**Try it**. Skip the pictures and give back the rest of the listing exactly.

**Raw data**.
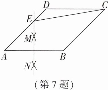7. (2025·济南期末)如图,在边长为 $2$ 的菱形 $ABCD$ 中,分别以点 $A$,$B$ 为圆心,以大于 $\dfrac{1}{2}AB$ 的长为半径作弧,两弧相交于点 $M$,$N$,作直线 $MN$,交 $AD$ 于点 $E$,连接 $CE$,若 $∠ B = 135^{\circ}$,则 $CE$ 的长为(
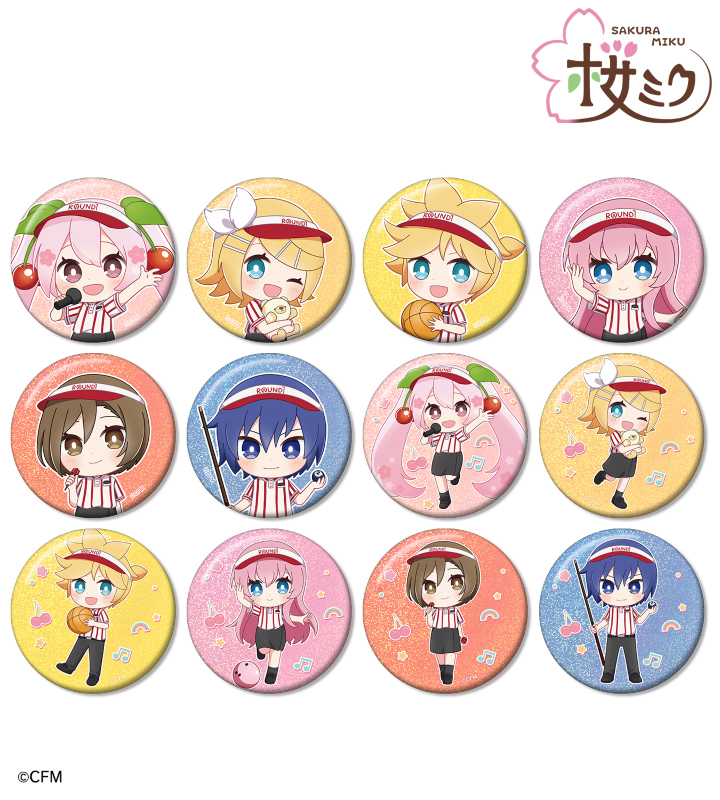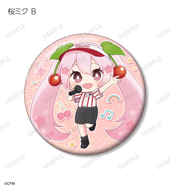 『桜ミク』×「ROUND1」のコラボレーションアイテム「トレーディング ちびキャラ ホログラム缶バッジ」の登場です。
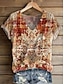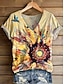 Mujer Camiseta Estampado Floral Graphic Plantas Vintage Elegante Casual Manga Corta Escote en Pico Tops regulares Casual Diario Fin de semana Azul Piscina Amarillo Rojo Marrón Verano Primavera
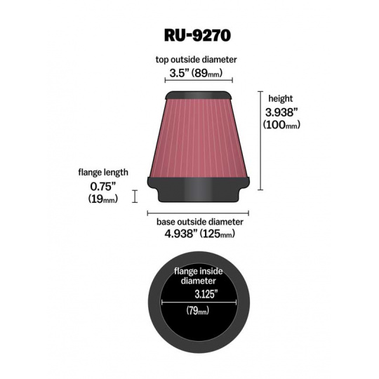 ZÁKLADNÍ ROZMĚRY A PARAMETRY UNIVERZÁLNÍHO FILTRU K&N RU-9270

**Response to the task**.
7. (2025·济南期末)如图,在边长为 $2$ 的菱形 $ABCD$ 中,分别以点 $A$,$B$ 为圆心,以大于 $\dfrac{1}{2}AB$ 的长为半径作弧,两弧相交于点 $M$,$N$,作直线 $MN$,交 $AD$ 于点 $E$,连接 $CE$,若 $∠ B = 135^{\circ}$,则 $CE$ 的长为(
 『桜ミク』×「ROUND1」のコラボレーションアイテム「トレーディング ちびキャラ ホログラム缶バッジ」の登場です。
 Mujer Camiseta Estampado Floral Graphic Plantas Vintage Elegante Casual Manga Corta Escote en Pico Tops regulares Casual Diario Fin de semana Azul Piscina Amarillo Rojo Marrón Verano Primavera
 ZÁKLADNÍ ROZMĚRY A PARAMETRY UNIVERZÁLNÍHO FILTRU K&N RU-9270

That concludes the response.